Quick test: Validate isolation controls first (network disabled, snapshot active, unprivileged user), then execute sample.

Definition of Done

Core functionality works on reference inputs
Edge cases are tested and documented
Results are reproducible (same binary, same tools, same report output)
Analysis notes clearly separate observations, assumptions, and conclusions
Lab safety controls were applied for any dynamic execution

4. Solution Architecture

Input Artifact -> Parse/Decode -> Analysis Engine -> Validation Layer -> Report

Design each stage so intermediate artifacts are inspectable (JSON/text/notes), which makes debugging and peer review much easier.

5. Implementation Phases

Phase 1: Foundation

Define input assumptions and format checks.
Produce a minimal golden output on one known sample.

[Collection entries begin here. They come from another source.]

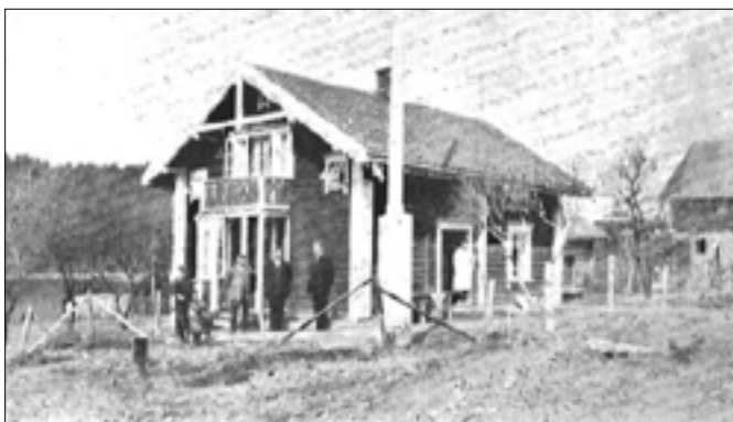
Hovedbygningen på Herøya før ombygningen.

De siste årene har etterspørsel gjort at boenheter og lokaler/områder også leies ut til arrangementer. Det kan arrangeres for opptil 200 personer ved leir, lokalene har plass for opp til 100 personer.
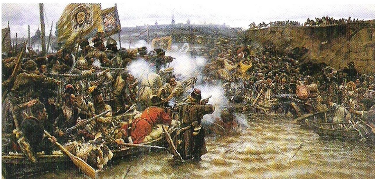
В.Суриков. Взятие Сибири дружиной Ермака. Время создания картины - 1895г.
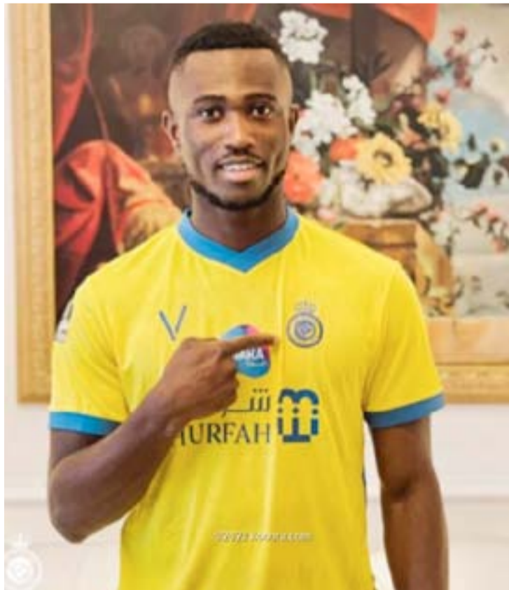
الرياض - وكالات

معمّر رئيس النادي. وكان كونان قد أتم قبل أيام، موسمه السادس في الملاعب الأوروبية، حيث لعب إجمالي ١٤٠ مباراة في الدوري البرتغالي مع فيتوريا، والدوري الفرنسي مع ستاد ريمس. وأصبح كونان لاعباً أساسياً في تشكيلة منتخب كوت ديفوار في بداية العام الجاري، واستمرت القيمة السوقية للاعب في تصاعد حتى وصلت إلى ٧ ملايين يورو، في آخر تحديث لوقع ترانسفير ماركيت.
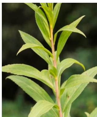
S. gigantea Tige glabre, rougeâtre dans la partie supérieure
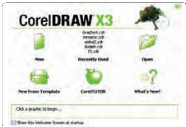
شکل ۴-۱ کادر محاوره خوشامدگویی

از مسیر Start/All Programs/Corel Graphics Suite X3 روی آیکن Corel DRAWX3 کلیک کنید تا نرم‌افزار اجرا شود. با اجرای نرم‌افزار، در ابتدای ورود به برنامه کادر محاوره خوشامدگویی (Welcome screen at startup) ظاهر می‌شود (شکل ۴-۱).
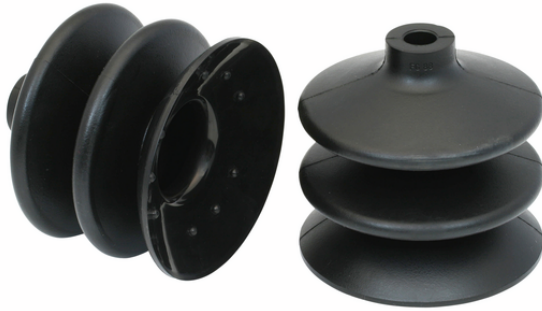
FG 88 NBR-55 N019
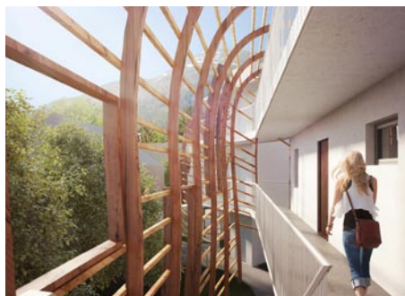
Zu den Entwurfsgedanken zählten unter anderem die Harpe zum Heutrocknen.

Visualisierungen: Ralph Mousel – umfeld concept
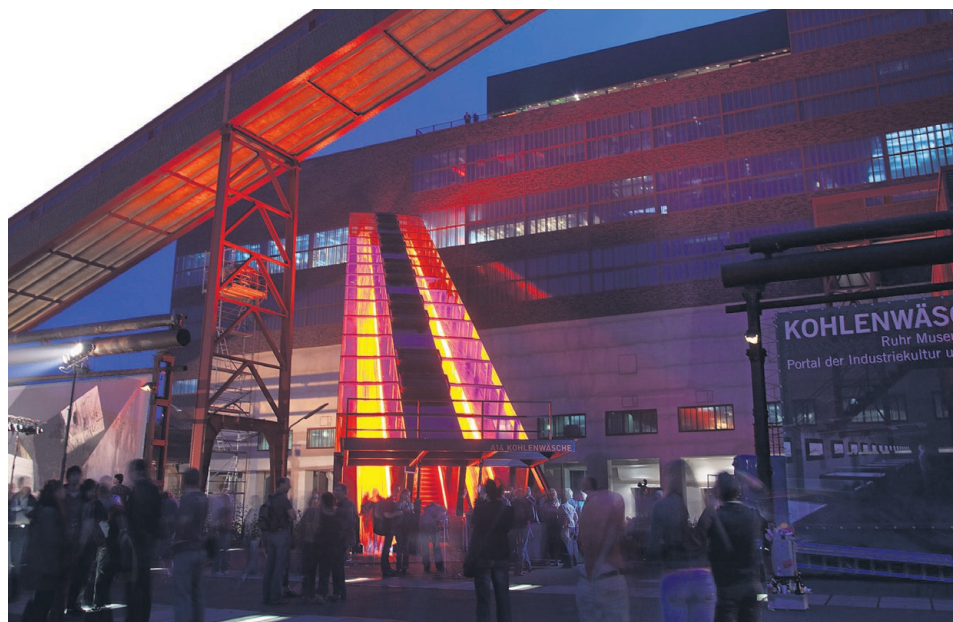
Der Weg der Kohle und der Besucher: Mit der Rolltreppenfahrt auf 24 Metern Höhe beginnt der Besuch im Ruhr Museum auf Zollverein.

Öffnungszeiten: montags bis freitags 9.00 bis 18.00 Uhr samstags 10.00 bis 16.00 Uhr sonntags 10.00 bis 14.00 Uhr
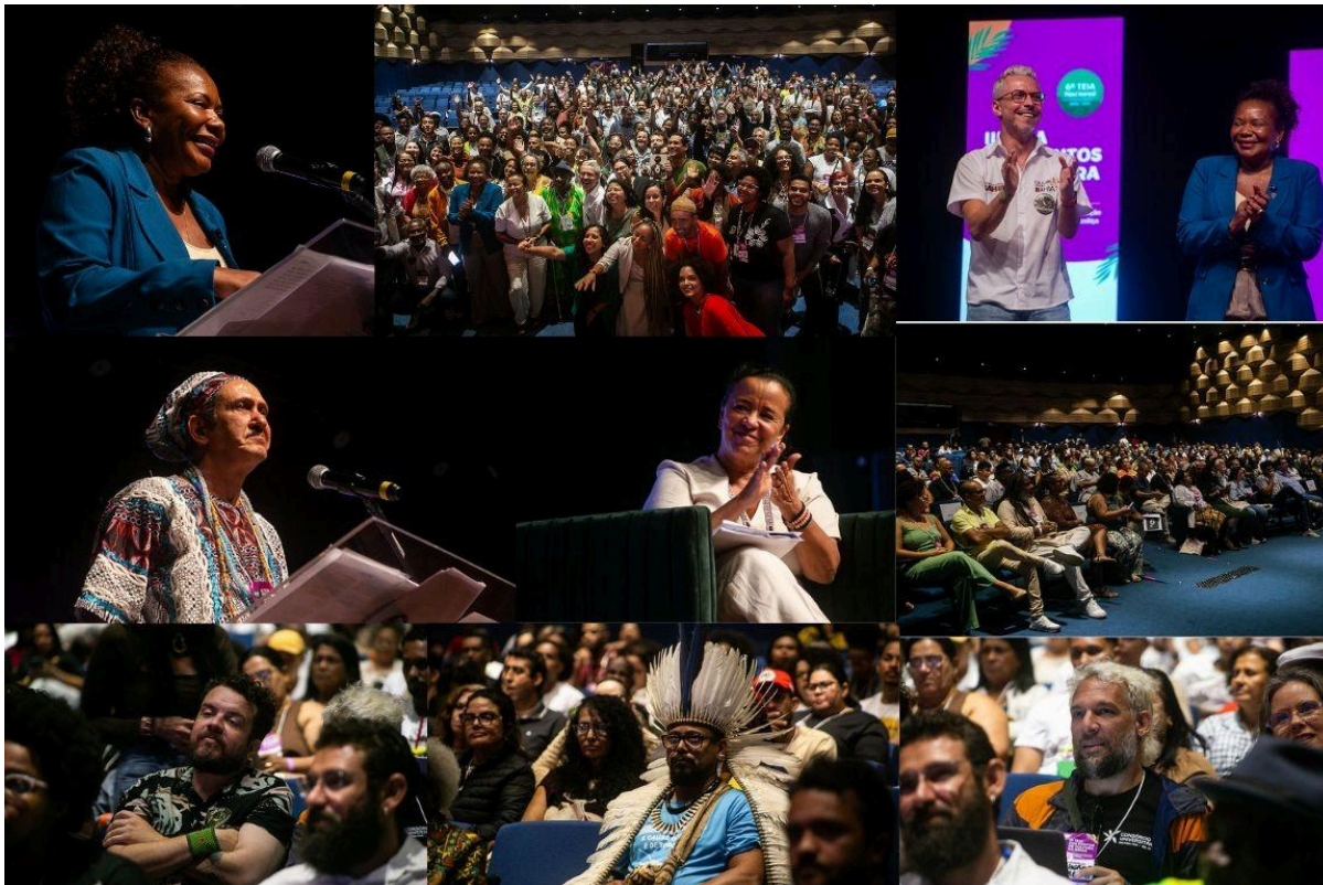
III Teia dos Pontos de Cultura da Bahia
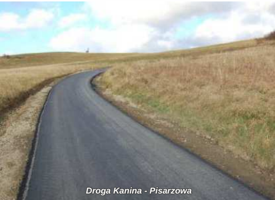
Droga Kanina - Piszczowa
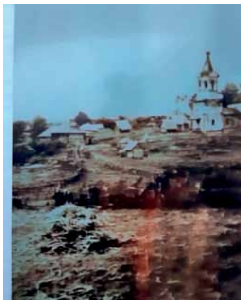
Никольская церковь села Вармалей в XIX веке (копия фото из Дальнеконстантиновского краеведческого музея)
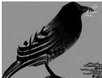
شکل ۸- نمایش ترکیب حروف و تصویر

ایجاد ارتباط متقابل بین حروف و دیگر عناصر کار، به خصوص تصاویر، از جدی ترین مسائل بسیاری از طراحان است. دشواری حل این مساله از کارکردی بودن ناگزیر تایپوگرافی نشات می گیرد. با این وجود، مانند عناصر نقاشی یا مجسمه که برای خلق یک کل با یکدیگر ارتباط متقابل برقرار می کنند، عناصر تایپوگرافی نیز باید با اقلام غیر تایپوگرافی پیرامون خود روابط بصری متحدی را برقرار کنند.
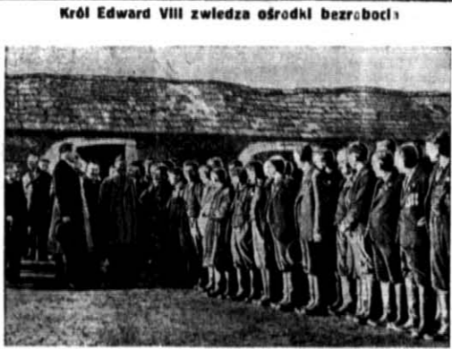
Król Edward angielski udał się w towarzystwie ministrów: pracy i zdrowia na objazd wykazanych ośrodków bezrobocia w południowej Walii. Na zdjęciu — król Edward rozmawia z bezrobotnymi.

Król Edward VIII zwleka ośrodki bezrobocia
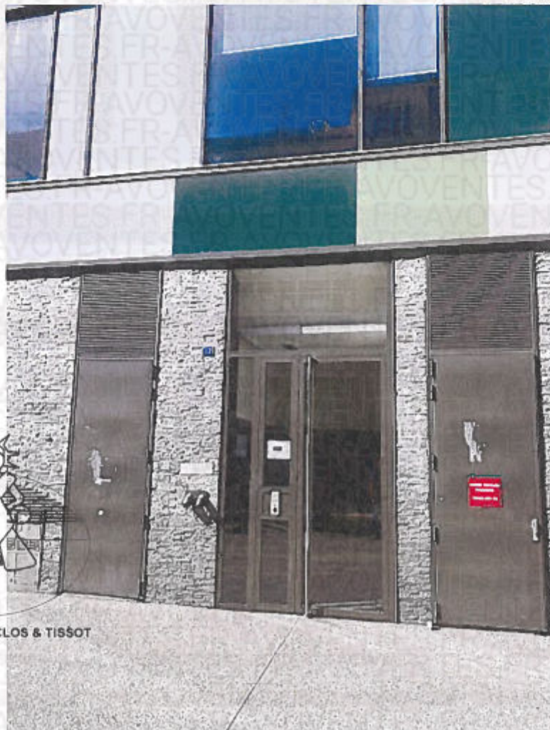
Photographie n° 4

Phase 2: Core Functionality

Implement full analysis pass for normal cases.
Add validation against an external ground-truth tool.

Phase 3: Hard Cases and Reporting

Add malformed/edge-case handling.
Finalize report template and reproducibility notes.

6. Testing Strategy

Unit-level checks for parser/decoder helpers.
Integration checks against known binaries/challenges.
Regression tests for previously failing cases.

7. Extensions & Challenges

Add automation for batch analysis and comparative reports.
Add confidence scoring for each major finding.
Add export formats suitable for CI/security pipelines.

8. Production Reflection

Map your project output to a production analogue: what reliability, observability, and security controls would be required to run this continuously in an engineering organization?